For agents that need to work across multiple sessions, or that serve multiple users, a memory layer becomes essential. A memory system stores facts, preferences, and context outside the conversation window and retrieves relevant items when the agent needs them. Adaptive Recall provides this layer out of the box: it stores memories with confidence scores, retrieves them by semantic relevance, and lets the agent focus its context window on the current task while still having access to everything it has learned across sessions. The guide to adding long-term memory covers the integration in detail.
Step 5: Add Guardrails and Limits
Before letting the agent run on real tasks, add safety boundaries. The minimum set of guardrails for any agent includes: a maximum iteration limit (to prevent infinite loops), input validation on tool parameters (to prevent the model from passing malformed data), a timeout for tool execution (to prevent the agent from hanging on a slow external service), and a cost limit (to prevent a runaway agent from burning through your API budget).
For agents that take consequential actions, like writing to a database, sending emails, or modifying files, add an approval gate before execution. The agent generates its intended action, the system checks whether the action requires approval (based on the tool, the parameters, or a risk assessment), and if approval is needed, it pauses and asks the human operator to confirm. This is the copilot pattern, where the agent does the thinking but the human authorizes the doing. The guardrails guide covers the full range of safety patterns.
Also validate the agent's final output before returning it to the user. If the agent is supposed to answer from documentation, check that the answer references specific sources. If the agent performed a calculation, sanity-check the result against basic constraints. These output guardrails catch errors that the agent's own self-correction missed, and they are cheaper to implement than trying to prevent every possible error in the loop itself.
Step 6: Test with Real Scenarios
Testing an agent is different from testing a function. A function has deterministic inputs and outputs, an agent has probabilistic behavior that varies across runs. Testing needs to cover three dimensions: task success (does the agent complete the task correctly?), efficiency (how many iterations does it take?), and safety (does it stay within guardrails?).

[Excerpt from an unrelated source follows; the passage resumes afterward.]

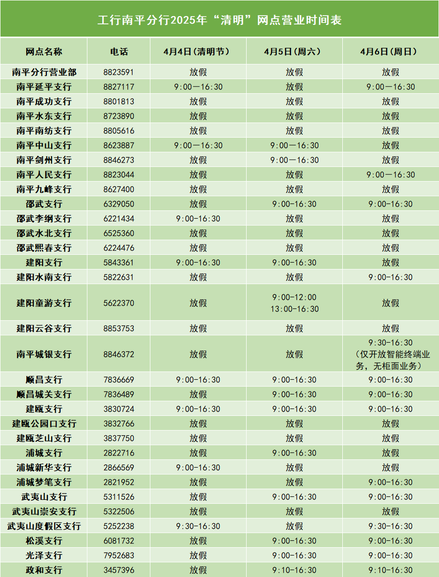 營業(yè)公告丨工行南平分行2025年清明假期網(wǎng)點(diǎn)營業(yè)時間表

Build a test suite of 20 to 50 realistic tasks, including easy cases, hard cases, edge cases, and adversarial cases. Easy cases validate that the basic loop works. Hard cases test the agent's ability to reason across multiple tool calls and handle ambiguous information. Edge cases test what happens when tools fail, return empty results, or return unexpected data. Adversarial cases test what happens when the input tries to trick the agent into bypassing its instructions or taking unauthorized actions.
Run each test case multiple times (at least 3 to 5 runs) because agent behavior is not deterministic, the model might reason differently on each run. Track the success rate, the average number of iterations, the average cost, and any guardrail violations. This gives you a baseline to measure improvements against as you refine the system prompt, tool definitions, and guardrail logic. The agent evaluation guide covers structured approaches to agent testing in production.
Building your first agent requires six steps: define a narrow task, build the tool layer with clear schemas, implement the loop (or use a framework), add context management, add guardrails and limits, and test with realistic scenarios. Start with 2 to 5 tools, a maximum of 10 iterations, and a copilot pattern where the agent suggests and the human approves. Expand scope only after the basic loop is reliable.